Dans une réaction à une chronique de Daneil Scheidermann, le journaliste Jean-Michel Apathie dénonce "une certaine dérive d'Internet, où dominent la colère et le ressentiment". De quoi ouvrir un large débat...


(CC nhanusek)

Jean-Michel Apathie, journaliste vedette de RTL et de Canal +, a lancé un pavé dans la mare. Il reproche à Daniel Schneidermann, ex-France Télévisions et fondateur du site Arrêt Sur Images, d'incarner "une certaine dérive d’internet".

En l'espèce, l'objet du conflit est assez peu intéressant. Dans une chronique, Schneidermann a reproché au journaliste d'avoir fait répéter à Eric Besson les propos qu'il venait de tenir sur la burqua qui serait contraire "aux valeurs de l'identité nationale". Selon le journaliste d'Arrêt sur Images, Apathie aurait eu "la bouche en cul de poule, tout émerveillé de voir naître là, devant ses yeux zébaubis, le fumigène de la semaine de vacances". Comme tous ceux qui écrivent quotidiennement (suivez notre regard qui louche), il peut arriver à DS d'écrire des âneries. Ca en était ici probablement une, puisque le propos d'Eric Besson était suffisamment grave pour mériter répétition, sans y voir là un simple calcul médiatique.
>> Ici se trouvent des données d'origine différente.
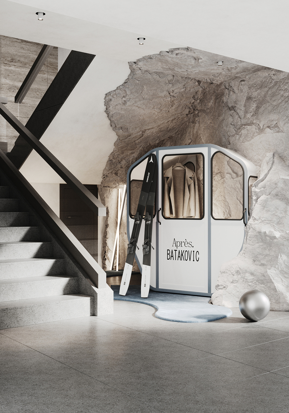 The interior of the BATAKOVIC Retail, located within the Grand Hotel at Kopaonik, is designed as a modern extension of the natural mountain environment. The main motif of the space is the rock, inspired by authentic mountain formations, which fluidly weaves through the spatial organization, creating dynamic, yet harmonious zones for hotel guests and visitors.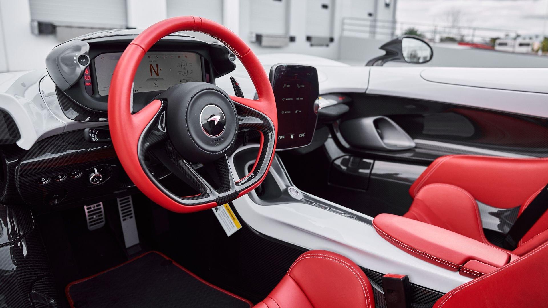 This 2021 McLaren Elva is number 119 of only 149 examples produced and is finished in Silica White. It has been heavily tailored with over $60,000 in bespoke options inside and out, notably featuring McLaren's 5-Spoke Super-Lightweight wheels shod in Pirelli P Zero Corsa tires, Red titanium brake calipers, and MSO mirror caps, mid-finisher, and Active Air Management System (AAMS). Without a windshield to block the view of the Elva's cockpit, many of the bespoke appointments of the Elva's interior are easy to spot even without raising the signature McLaren dihedral doors. Its MSO Red leather interior is thoughtfully contrasted with white MSO stitching that seamlessly mirrors the exterior paint, along with Galvanic Gray front and rear brightwork plus many bespoke touches including MSO headrests, steering wheel center marker, binnacle, shift paddles, and floor mats. The interior is further trimmed in Gloss Carbon Fiber; a sophisticated reminder of the Elva's track-focused philosophy and the carbon fiber MonoCage that has underpinned all McLarens since the MP4-12C.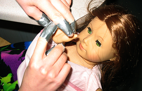 Apparently the duct tape worked great but later she was looking for help to remove it. Just FYI if you try this at home … the tape goes on a whole lot easier than it comes off.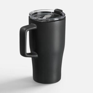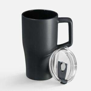 Эргономичная ручка удобно лежит в руке, а прозрачная крышка с отверстием для питья не дает содержимому разлиться на ходу или быстро остыть. Последнее особенно важно с учетом большого объема — 520 мл чая, кофе или какао хватит надолго.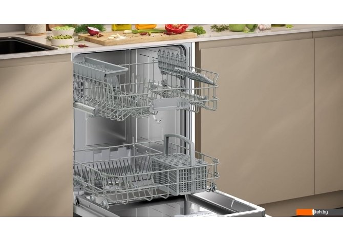 | Информация | -Ключевые характеристики Посудомоечная машина рассчитана на загрузку до 13 комплектов посуды и подходит для установки в кухню с высотой цоколя от 81.5 см. Оснащена шестью программами мойки, включая автоматическую, интенсивную, быструю, эко, ночную и деликатную для стекла. Уровень шума составляет 46 дБ, расход воды за цикл - 9 литров, класс энергоэффективности D, внутренняя камера выполнена из нержавеющей стали и пластика. -Преимущества и отличия Модель выделяется наличием системы теплообменной сушки, полной защитой от протечек AquaStop, мотором EcoSilence Drive и интеллектуальным управлением расходом воды с помощью датчика чистоты. Для максимального удобства предусмотрен третий короб для приборов, регулируемая по высоте верхняя корзина и функция InfoLight с проекцией световой точки на пол. -Практичность Устройство поддерживает удалённое управление через Home Connect и оснащено функцией отложенного старта до 24 часов. Встроенные электронные индикаторы соли и ополаскивателя, а также звуковое оповещение об окончании программы упрощают эксплуатацию. Для эффективной эксплуатации реализована программа самоочистки и режим Machine Care. -Уникальность Модель оснащена системой скользящего фасада Vario Hinge, что облегчает встраивание даже в кухонные гарнитуры с небольшим зазором между фасадами. Технология Hygiene Dry обеспечивает деликатную сушку без температурного шока для стеклянных изделий, а функции VarioSpeed Plus и Hygiene+ делают процесс мойки быстрее и максимально гигиеничным Читать дальше |

On aurait même reproché à l'intervieweur de ne pas rebondir sur les propos du ministre de l'immigration. Peu importe.

Plus intéressante, en revanche, est la réaction de Jean-Michel Apathie. Pour lui, "Daniel Schneidermann a beaucoup oeuvré pour discréditer le journalisme dans les médias dits classiques", "soumis au maître, n’est-ce pas, dociles et déférents". "Lui qui regardait hier et s’en tenait aux faits, le voici maintenant dans la dénonciation et l’imputation, l’hypothèse et la construction", analyse Apathie. Qui y voit l'influence du support sur lequel écrit Schneidermann. "A sa manière, il incarne parfaitement une certaine dérive d’internet, où dominent la colère et le ressentiment, ce qui diminue, évidemment, le professionnalisme"...
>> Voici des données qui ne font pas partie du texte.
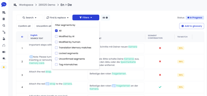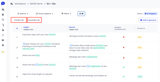 To bulk edit segments, click on Confirm all or Unconfirm all segments.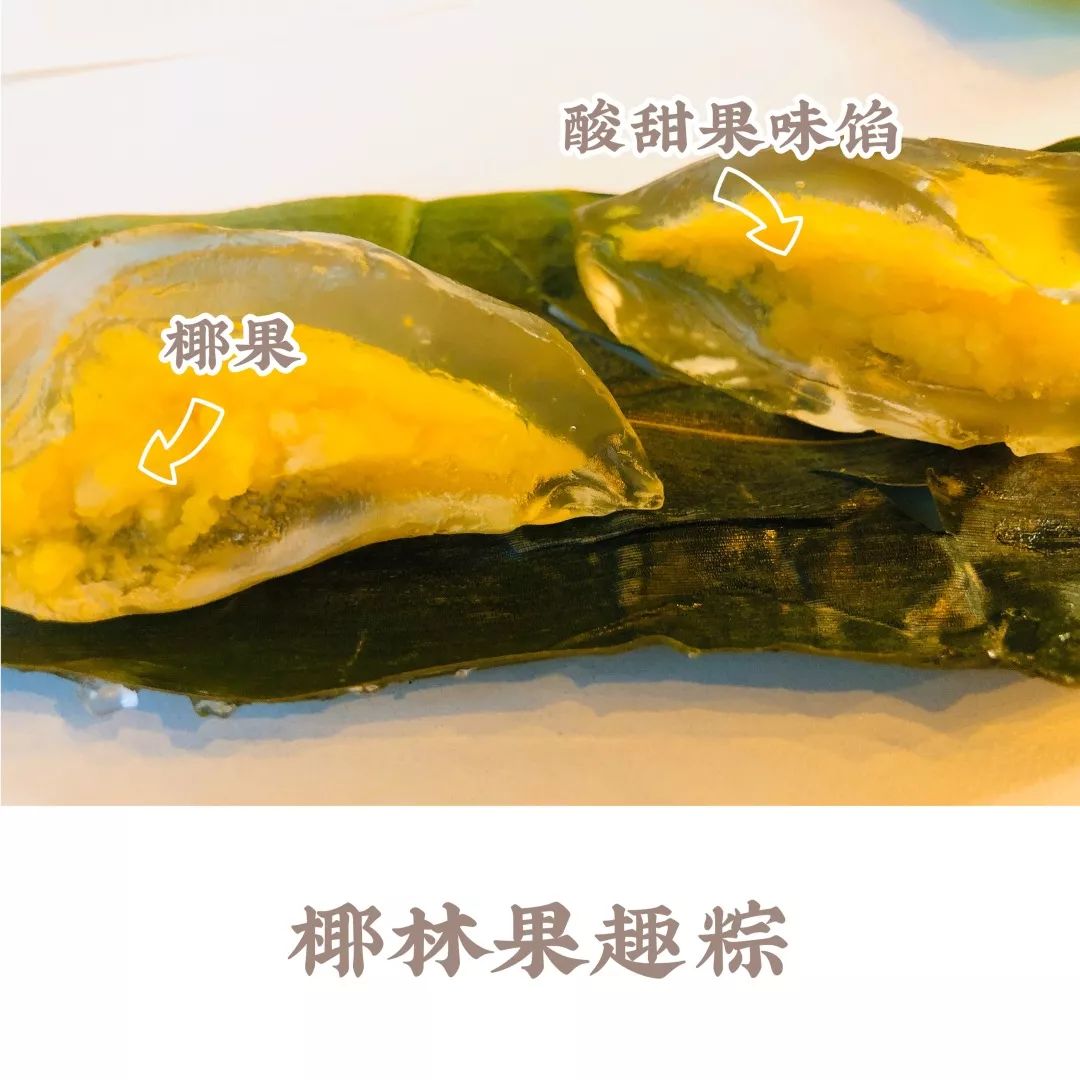 粽子是明亮的黄色,看起来像是芒果味,吃起来则只能模糊地感受到是酸甜的果味馅。馅料里藏着的椰果丰富了口感。

Difficile de dire si la colère et le ressentiment dominent sur Internet. En revanche, il est vrai que ces sentiments sont traduits beaucoup plus fréquemment sur Internet que dans les médias traditionnels. Mais s'arrêter là pour accuser le net de "diminuer le professionnalisme", c'est s'arrêter en chemin. La nature ayant horreur du vide, le net n'a-t-il pas occupé un espace de colère légitime que n'occupent pas (ou plus) les médias traditionnels ?
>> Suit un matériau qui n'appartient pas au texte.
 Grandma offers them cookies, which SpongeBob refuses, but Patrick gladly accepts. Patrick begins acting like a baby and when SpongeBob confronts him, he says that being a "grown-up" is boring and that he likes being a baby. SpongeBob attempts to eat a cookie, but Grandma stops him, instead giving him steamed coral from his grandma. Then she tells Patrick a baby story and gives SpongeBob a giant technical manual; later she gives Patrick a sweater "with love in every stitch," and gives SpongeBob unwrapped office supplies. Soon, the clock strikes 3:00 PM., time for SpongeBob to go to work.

L'absence de protestation à la radio, à la télévision et dans une large mesure dans la presse écrite traditionnelle contre la loi Hadopi 1, jugée ensuite contraire à la liberté d'expression et aux droits de la défense par le Conseil constitutionnel, est vécue comme un symbole par nombre d'internautes de la frigidité des médias. Mais plus largement, les médias traditionnels donnent l'impression d'abandonner toute capacité d'indignation, ou plutôt toute capacité à maintenir cette indignation dans le temps. Une polémique chasse l'autre, et l'on abandonne rapidement les batailles pour changer de front. C'est cette absence d'acharnement qui protège des démissions et des reculades, et qui crée le terreau de colère et de ressentiment sur Internet.

Mais s'il y avait là aussi une faute d'analyse ?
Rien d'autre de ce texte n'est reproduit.